Передо мной все еще стоят его русские глаза, туманные и отдающие
перламутром, как раскрытая раковина. Остального я не помню. Некоторые из тех
давних Дней для меня ничуть не яснее недавнего сна. Попытаюсь все же
припомнить.
Всю жизнь я перед дорогой выбрасывала ложки -- все, сколько есть. Чтоб
они меня, как говорится, не пережили. Расскажу сначала, как я выбросила свою
первую ложку. Девочкой жила я в Панчево, на берегу речки Тамиш, у озера, где
водилось множество рыбы. У моей семьи был домик из трех комнат, и мы
принимали прохожих на ночлег. В те времена Панчево, местечко на среднем
Дунае недалеко от Белграда, находилось еще на южной границе Австрийской
империи. Так что народу в нем всегда толклось предостаточно, да и ночлега
многие искали. Наденет человек на голову половинку арбуза, переплывет тайком
Дунай с сербской стороны на австрийскую и пожалует к нам переночевать.
Однажды вечером, в страшную непогоду и дождь, явился к нам один незнакомец с
каким-то большим свертком, насквозь промокшим. Прохожий все жаловался с
сильным русским акцентом.
-- Все мы заперты в двенадцать месяцев, как в двенадцать комнат с
крепкими стенами, и выхода у нас нет, как только из комнаты в комнату. А
ведь есть, поверьте мне, дворцы куда красивее, через которые нам никогда не
суждено пройти, не говоря уже о лесах, что растут вокруг тех дворцов, да о
райских кущах...
Утром, уходя, он оставил нам сверток.
-- Непогода такая, что и волк заплачет, прежде чем тебя сожрать, --
проговорил он, расставаясь с нами, -- пусть эта вещь полежит у вас до лучших
времен. Если через год не приду, значит, останется у вас, что бы там ни
было. -- С тем и ушел.
Развернули мы сверток, а там -- портрет. Повесили мы его рядом с нашей
семейной святой Параскевой Пятницей да и забыли про этот эпизод. Два года
спустя опять прохожий человек переночевать просится: мол, единственная в
Панчево гостиница, "У трубача", закрыта. Тоже русский, но из благородных. С
бородой, а сапоги под столом скрипят, точно азбуку наизусть повторяют или
сердятся на хозяина. Он сидит, чай попивает, а сам глаз не сводит с
портрета.
Карманы у него по углам разодраны, видно, что собак держит, они к нему
ласкаются и скребут когтями по одежде, да и в руках -- хлыст. Звали его
Толстой. Он хотел переночевать в конюшне, с лошадьми, но мы не позволили, уж
очень холодно было. Он улыбнулся и лег, где ему указали. А утром спросил про
портрет, откуда он у нас. Рассказали мы ему, а он снова -- все про портрет
да про портрет.
-- Знаете ли вы, -- спрашивает он мою мать, -- кто изображен на
портрете?
-- Бог с тобой, господин, как же мне не знать? -- отрезала она. --
Зачем пристаешь с пустыми расспросами?
Тут он вдруг и спрашивает:
-- А не продадите ли вы мне, матушка, эту картинку?

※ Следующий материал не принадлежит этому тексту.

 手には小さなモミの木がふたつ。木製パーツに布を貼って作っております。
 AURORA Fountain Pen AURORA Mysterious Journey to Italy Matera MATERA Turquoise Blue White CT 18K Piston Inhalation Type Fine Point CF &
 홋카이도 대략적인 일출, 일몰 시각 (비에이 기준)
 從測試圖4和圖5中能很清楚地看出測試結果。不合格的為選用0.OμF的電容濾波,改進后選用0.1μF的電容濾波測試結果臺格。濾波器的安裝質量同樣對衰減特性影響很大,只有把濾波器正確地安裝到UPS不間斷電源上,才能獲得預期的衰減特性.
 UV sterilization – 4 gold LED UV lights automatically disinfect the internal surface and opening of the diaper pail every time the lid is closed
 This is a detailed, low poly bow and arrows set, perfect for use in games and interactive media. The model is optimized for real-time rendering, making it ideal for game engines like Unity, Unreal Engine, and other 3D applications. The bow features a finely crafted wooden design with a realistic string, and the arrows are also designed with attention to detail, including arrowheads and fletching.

-- Да что ты, что ты, это не продается, -- стала моя мама снова
увещевать этого Толстого, но ему, видно, прямо загорелось.

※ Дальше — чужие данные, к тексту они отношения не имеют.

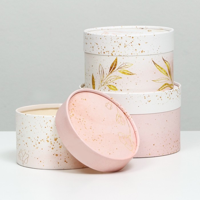 Набор шляпных коробок 3 в 1 "Нежность", завальцованная, 16 х 10, 14 х 9, 13 х 8,5 см
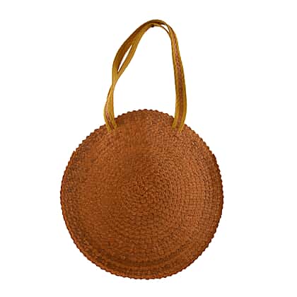 Bali Collection Palm Leaf Sisik Pattern Woven Round Bag with Leather Strap - Brown
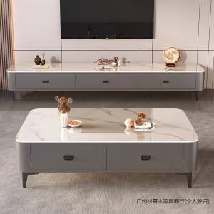 现代简约轻奢茶桌北欧落地茶几组合岩板电视柜客厅家用小户型批发
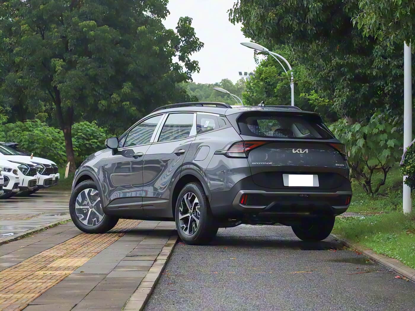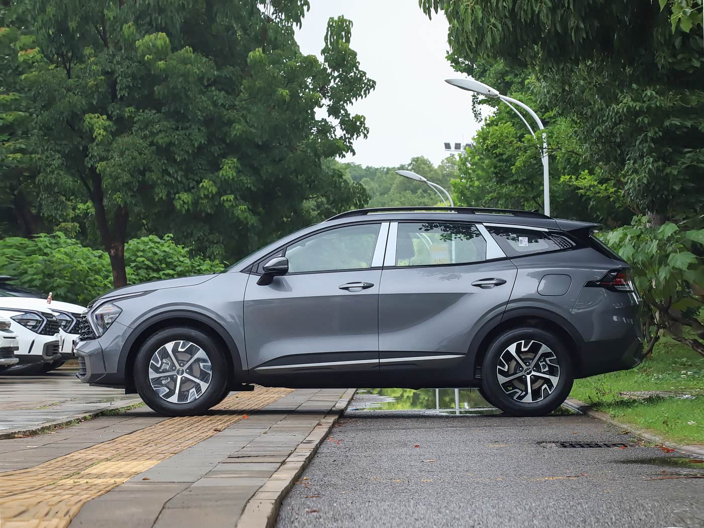 我们首先来看新车的外观设计方面,新款狮铂拓界的车头设计将家族传承与潮流元素完美融合。经典虎啸式进气格栅升级为熏黑菱形网状结构,与两侧回旋镖式 LED 日行灯无缝衔接,形成贯穿式视觉链条,中央高亮 “KIA” 标识在夜间点亮时极具辨识度。分体式大灯组采用 “上灯带下矩阵” 布局,外侧狭长 LED 灯带勾勒锐利轮廓,内侧矩阵式远近光灯支持自适应切换,配合保险杠两侧的 LED 雾灯,雨雾天气可实现 120 米范围照明。功能性与运动感兼顾的设计细节处处可见:引擎盖隆起的双筋线强化肌肉质感,同时优化气流走向提升散热效率;前保险杠下方采用厚实熏黑饰板,搭配两侧导流口设计,既降低风阻又增强运动氛围。
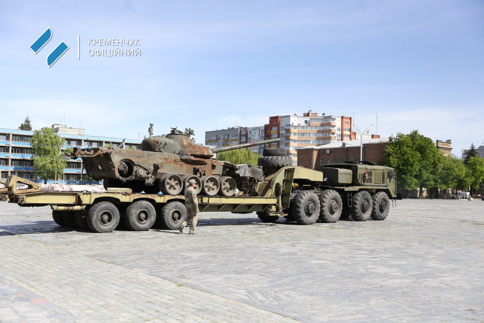 Сьогодні, 4 травня, з головної площі Кременчука прибрали трофейні танки. Їх знищили бійці ЗСУ під час контрнаступу в Харківській та Херсонській областях.
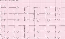 The main risk factor for stroke is high blood pressure.[6] Other risk factors include tobacco smoking, obesity, high blood cholesterol, diabetes mellitus, a previous TIA, end-stage kidney disease, and atrial fibrillation.[2][6][7] An ischemic stroke is typically caused by blockage of a blood vessel, though there are also less common causes.[12][13][14] A hemorrhagic stroke is caused by either bleeding directly into the brain or into the space between the brain's membranes.[12][15] Bleeding may occur due to a ruptured brain aneurysm.[12] Diagnosis is typically based on a physical exam and supported by medical imaging such as a CT scan or MRI scan.[8] A CT scan can rule out bleeding, but may not necessarily rule out ischemia, which early on typically does not show up on a CT scan.[9] Other tests such as an electrocardiogram (ECG) and blood tests are done to determine risk factors and rule out other possible causes.[8] Low blood sugar may cause similar symptoms.[8]
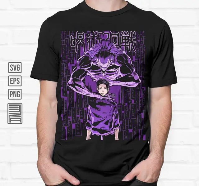 Step into the shadows with this intense design featuring a character and their fearsome, looming presence. This tee captures the raw, chilling energy that fans of supernatural anime crave. Perfect for adding a bold, dark twist to your collection.
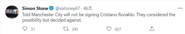 맨유 1대장 - 맨시티 호날두 영입 안함ㄷㄷㄷㄷ
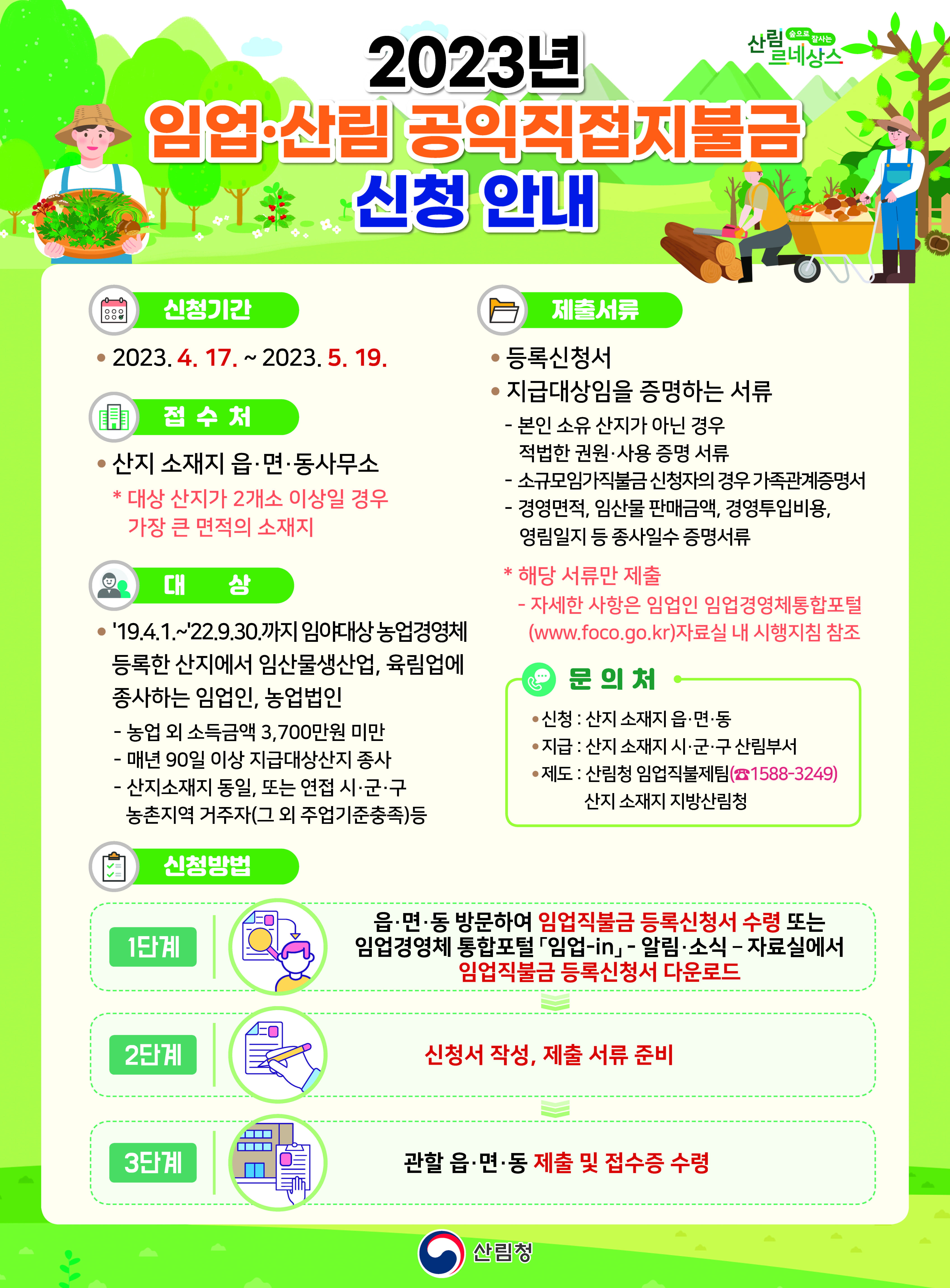 충북도는 4월 17일부터 5월 19일까지 2023년 임업ㆍ산림 공익직접지불금(이하 ‘임업직불금’)을 산지 소재지를 관할하는 읍ㆍ면ㆍ동사무소에서 신청받는다고 밝혔다.

-- Да я, -- говорит, -- вам за него дам золотой дукат!
-- Да уж ладно, -- вдруг передумала мать, -- если даешь, то давай и
бери. Это же не наш святой, можно и продать.
Гость и вправду достал золотой из голенища сапога, который печально
заскрипел, бросил его на стол и давай портрет заворачивать в какую-то
рубашку. Потом снова не выдержал. Пока мы вокруг портрета хлопотали, он и
спрашивает еще раз:
-- А вы правда не знаете, кто изображен на портрете?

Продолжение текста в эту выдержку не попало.